Was there fault causing injustice?

  1. The Council has accepted that it is at fault for Trading Standards failure to act on Mr C’s initial complaint. I agree. The Council has provided further details about the processes that led to this error.
  2. The Council has also explained its decision not to prosecute in this case. It said that, ‘at best there were a handful of relatively minor offences that fell within our jurisdiction, most of which could have been quite easily rebutted by the trader’.
  3. The Council has explained that it subsequently required two senior officers to examine the case file who both found that prosecution was not in the public interest in this case as the facts did not meet the required threshold for commencing an investigation. The Ombudsman cannot find fault with a council for making a decision which considers all the relevant information because a complainant disagrees. There must be fault in the way the decision is made. I have seen no evidence of such fault.
  4. The Council has accepted that it was at fault for three errors of customer service which stemmed from the fact that it did not know that Mr C was expecting Trading Standards to investigate. Trading Standards accepts the following fault:
      1. Its ‘connecter’ software which transported information into its database was not able to update existing case records and cannot notify it automatically of new updates to existing cases. The Council says it was not aware of this problem before this case but has put in place a new process to allow such cases to be telephoned through to ensure that Trading Standards is aware of them.
      2. A failure to respond to a voicemail. Trading Standards says it can see from its records that it received a voice message in August 2019 which was forwarded to the relevant officer but that this officer was off-sick that day. Another officer covered for him but there is no record of what action, if any, that officer took. Trading Standards says it has undertaken extensive training to prevent such an error occurring again and does monthly sweeps of the database to prevent similar errors in future.
      3. Failure to respond to an email. The Council says it also failed to react to an email sent to it by CACS. This was because CACS had out-of-date details on its systems for the Council’s Trading Standards. This email address had not been used for some years. The report was marked ‘no commitment to contact’ so Trading Standards did not know Mr C was expecting a response.

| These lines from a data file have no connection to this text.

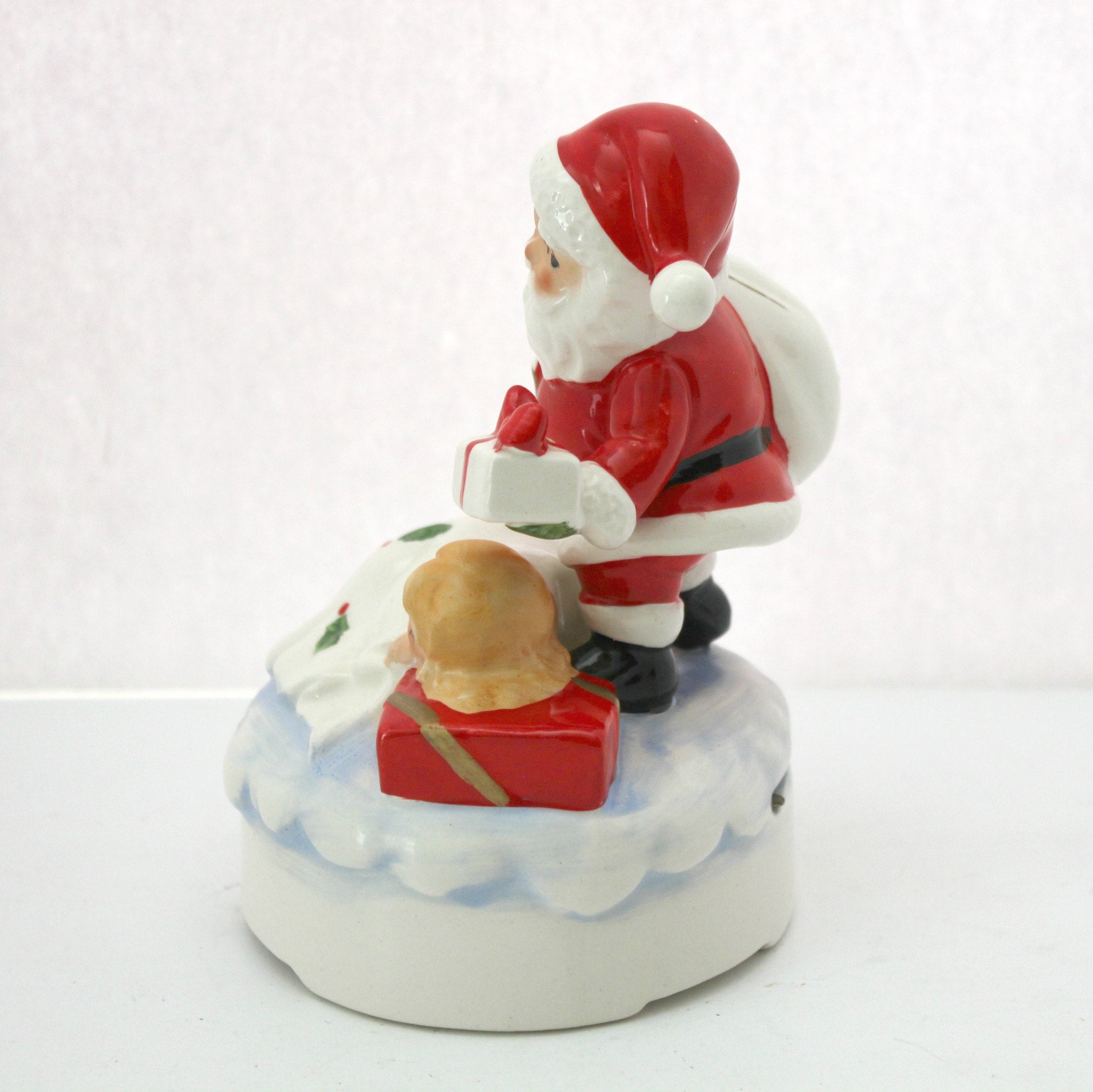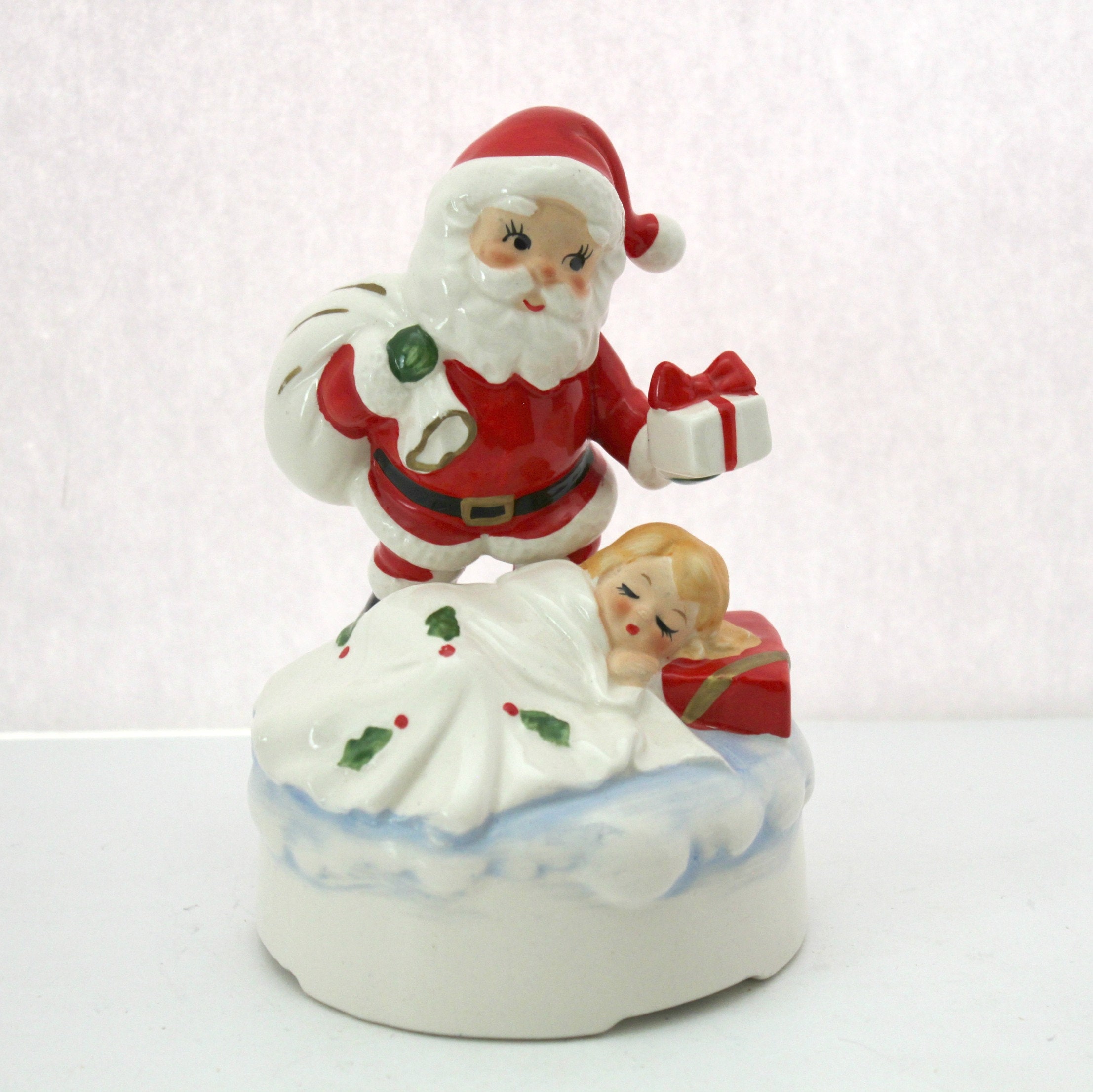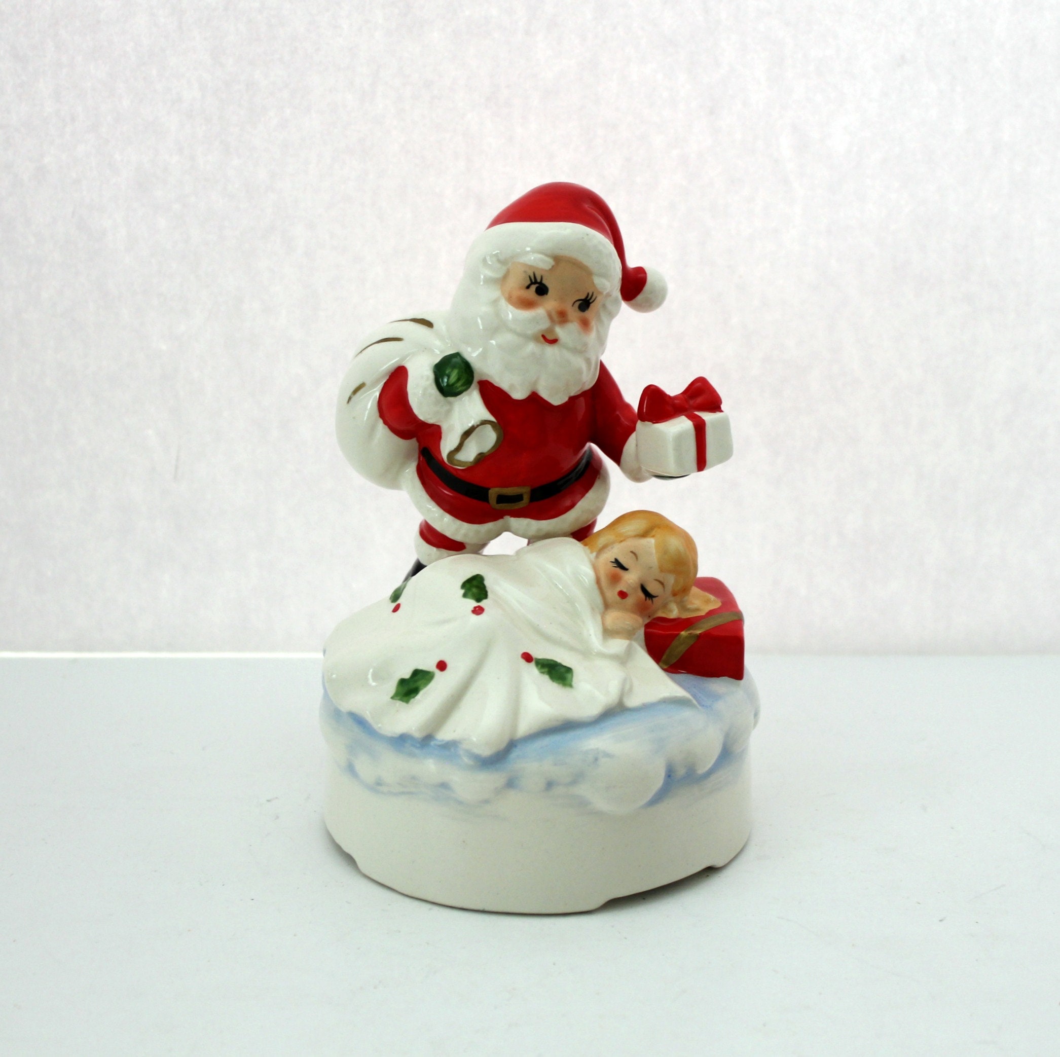 A nice 1960s vintage Lefton Santa ceramic music box figurine with a sleeping child under a white blanket with holly on it. It plays White Christmas when you wind it at the bottom and then use the switch in back to turn the music on or off. The figurine stands about 6" tall.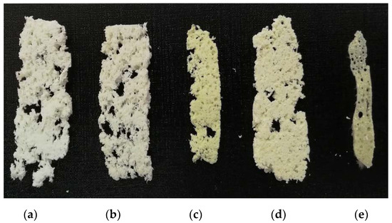 The slices of the obtained porous composite materials: (a) 1/6-70-30; (b) 1/4-70-30; (c) 1/2-70-30; (d) 1/4-50-50; (e) 1/4-90-10.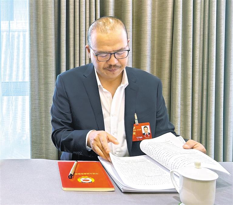 圖為3月5日,達珞參加少數(shù)民族界小組討論。
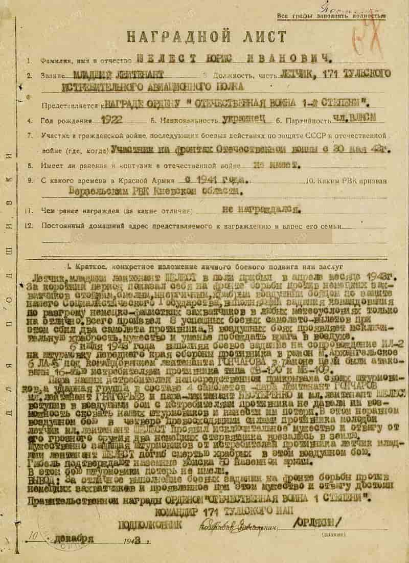 Где служил, в какие годы: Участник Великой Отечественной войны. В 1943 году служил в 171 иап 15-й воздушной армии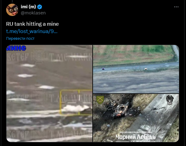 Для примера, по словам блоггера, скопление сожженной российской техники на 00:31 сек – это выезд из Любимовки в сторону Зеленого Пути. В свою очередь блогер moklasen заметил, что подрывающийся на мини танк на 00:26 сек - так же российский, а соответствующие кадры были локированы сообществом lost_warinua еще 27 ноября южнее Зеленого Пути.
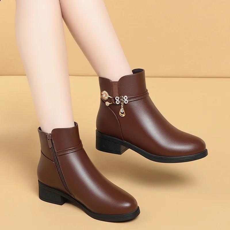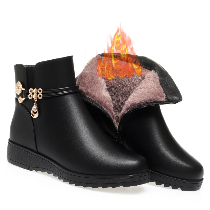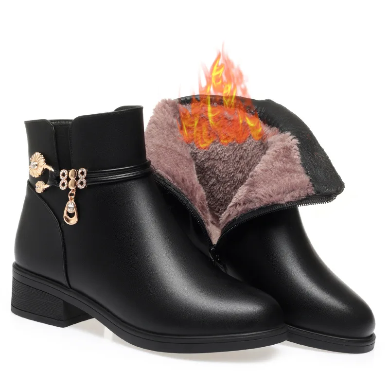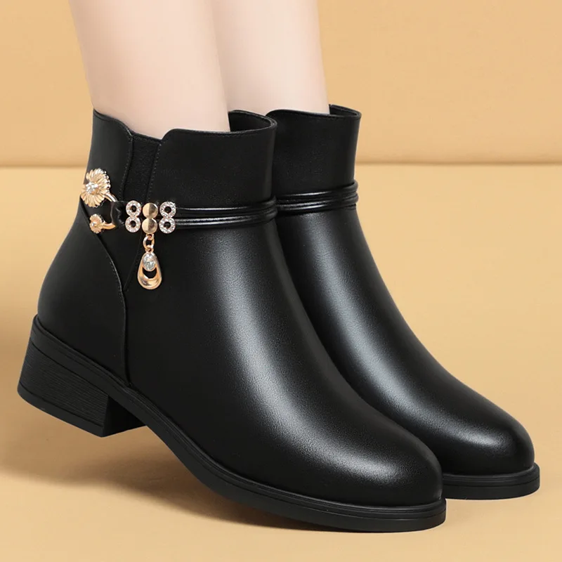 new design winter round toe mature sexy ladies black Soft soled cotton shoes comfortable warm leather shoes boots
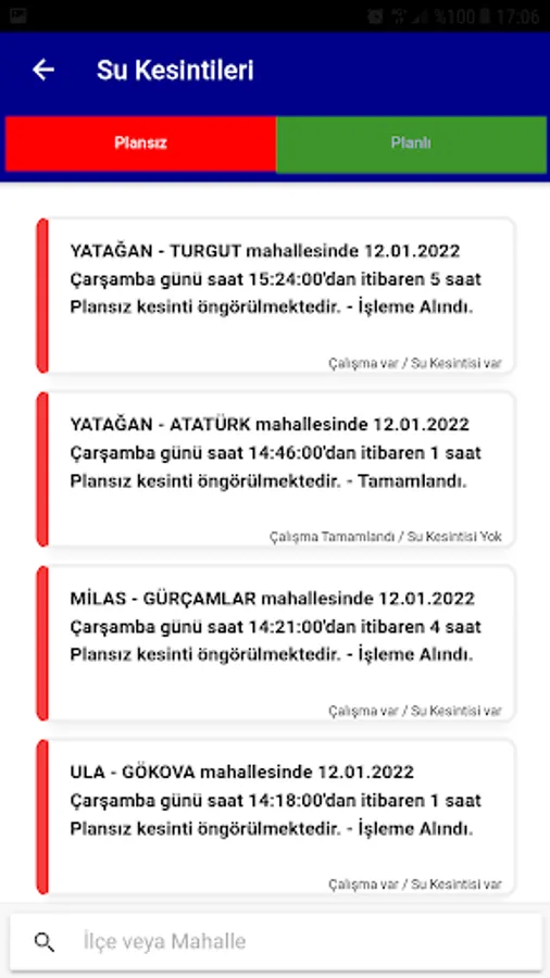 * You can access planned and unplanned water cuts in Muğla province through our application.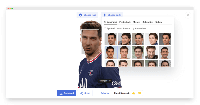 你可以单击上传你的照片或者拖拽,支持 JPG 和 PNG 格式,图片体积大小不要超过 5Mb,上传后自动识别到面孔位置,你可以选择五种更换面孔方式,分别是 AI 智能生成的面孔、图片库、明星、模因、上传,你也可以直接应用模板库的人物进行换脸,换脸完成直接下载,真的非常有趣的换脸工具,分享给你的小伙伴吧。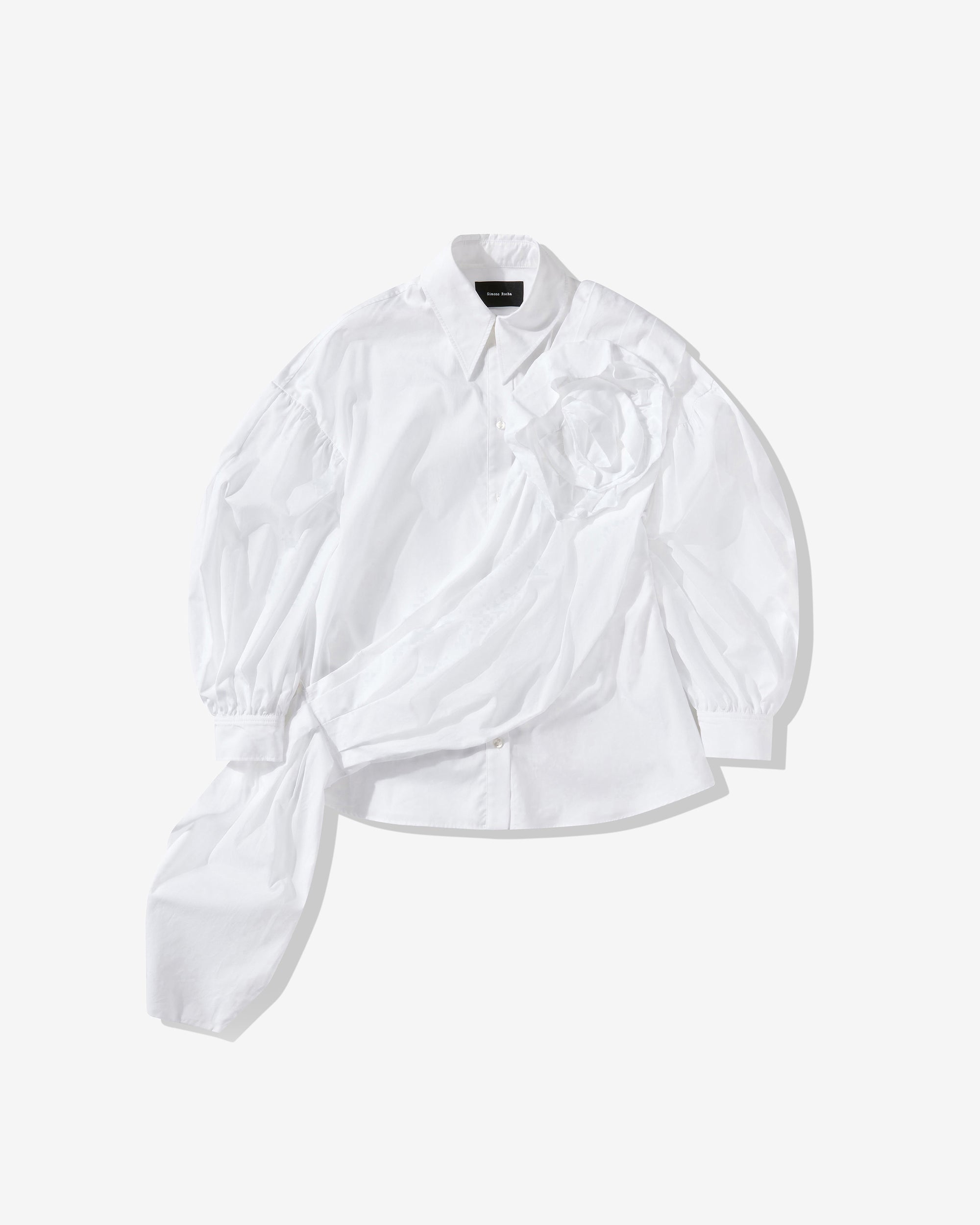 Point collarPressed rose detail at shoulderShoulder to waist wrap sashCurved hemPuff sleeveBox pleat at rear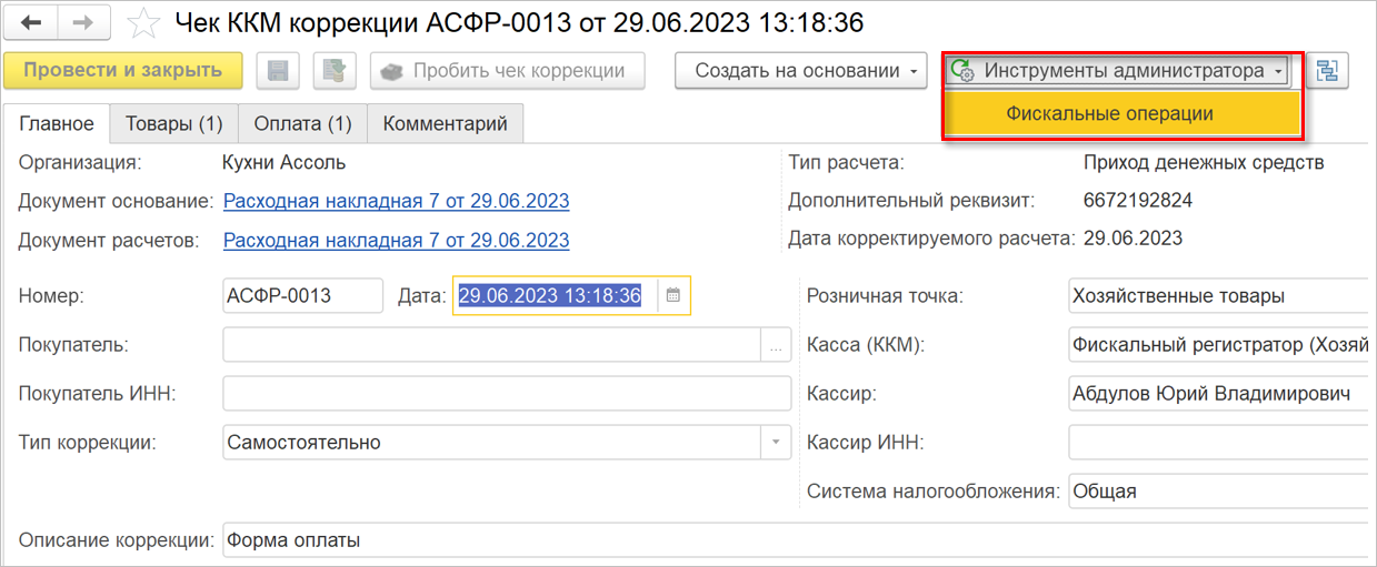 Дополнительно можно найти чек сканированием фискального признака или идентификатора оплаты платежной системы. При предъявлении дисконтной карты отображаются чеки покупателя за 3 последних месяца.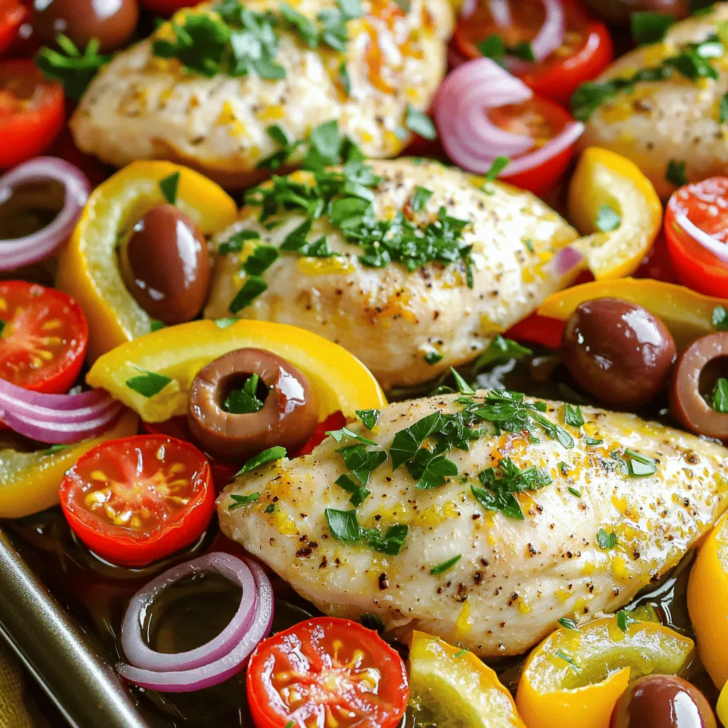 While the chicken marinates, prepare the vegetables. Slice 1 red bell pepper and 1 yellow bell pepper. Cut 1 red onion into wedges and add 1 cup of cherry tomatoes and 1/2 cup of Kalamata olives to the sheet pan. Drizzle the remaining marinade over the vegetables and toss them gently to coat. This adds flavor to every bite.

        The Council accepts it should have updated its records with CACS. However, it says that CACS should not have used this address anyway, as it has a system to use another, more up-to-date email. CACS does not, itself, fully understand why it used this email address. It says that a trading standards officer who did not normally work with CACS sent the email. However, CACS would immediately have received an automatic ‘undeliverable’ notification’ so should have been aware that the email had not been received. The Council says it updated the email address as soon as it found out.

Remedy

  1. Mr C said he wanted:
      1. an explanation of why his allegations about Mr B were not acted upon and to know whose fault it was.
      2. An independent trading standards department to look into the case to discover what went wrong.
      3. Compensation for the distress caused.
      4. New legislation requiring builders to provide certified insurance documents.
  2. Explanation/investigation. As a result of the Council’s investigations and this decision, Mr C now has information about a) above. Therefore b) above is not necessary.
  3. Compensation. Most of the distress Mr and Mrs C say they suffered appears to have been caused by Mr B. Therefore, it would be wrong to recommend that the Council should pay them a large sum. Further, the Ombudsman does not recommend compensation payments. Instead, we sometimes recommend payments in recognition of distress caused and time and trouble taken. The Council’s fault did cause them some additional distress so I have made a recommendation of this kind.
  4. Legislation. The Ombudsman has no power to require the central government to pass legislation.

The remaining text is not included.